Subscribe to unlock all 10 lessons in this course and every other course on LearningBro.
Contemporary language change — the changes happening in English right now — is among the richest areas for A-Level analysis, and not by accident: the AQA Paper 2 essay frequently sets a question whose stimulus is recent, and the unseen data you may be asked to analyse is often contemporary (a tweet, a text exchange, a news comment, a piece of advertising). This lesson is therefore less about learning a new body of facts than about turning the frameworks developed in earlier lessons — word-formation processes, semantic change, grammaticalisation, Aitchison's metaphors, Milroy and Milroy's complaint tradition — onto live, observable material. The great advantage of contemporary data is that you can see the change in motion: where the loss of inflections has to be reconstructed from old manuscripts, the spread of quotative like or the coining of doomscrolling is happening in front of you and can be analysed directly.

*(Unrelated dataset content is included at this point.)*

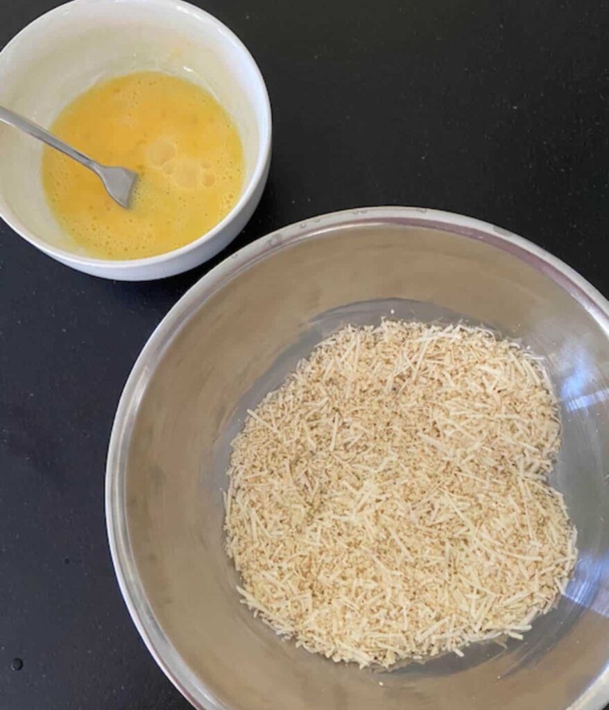 - Prepare flour, egg mixture, and breadcrumb mixture.

The lesson examines four engines of present-day change — technology, globalisation, social movements, and broader cultural change — and then evaluates the competing perspectives on whether what they are producing represents progress, decay, or simply the natural evolution of a living language. The single most important interpretive stance, carried over from the attitudes lesson, is to resist the moral panic. Almost every contemporary change attracts a wave of "crumbling castle" and "infectious disease" complaint — that texting is ruining literacy, that Americanisms are corrupting British English, that emoji are killing the written word — and the analyst's task is to treat those complaints as data about attitudes rather than as accurate descriptions. David Crystal is the indispensable authority here, and his research recurs throughout because it directly contradicts the popular claim that the digital age is degrading English.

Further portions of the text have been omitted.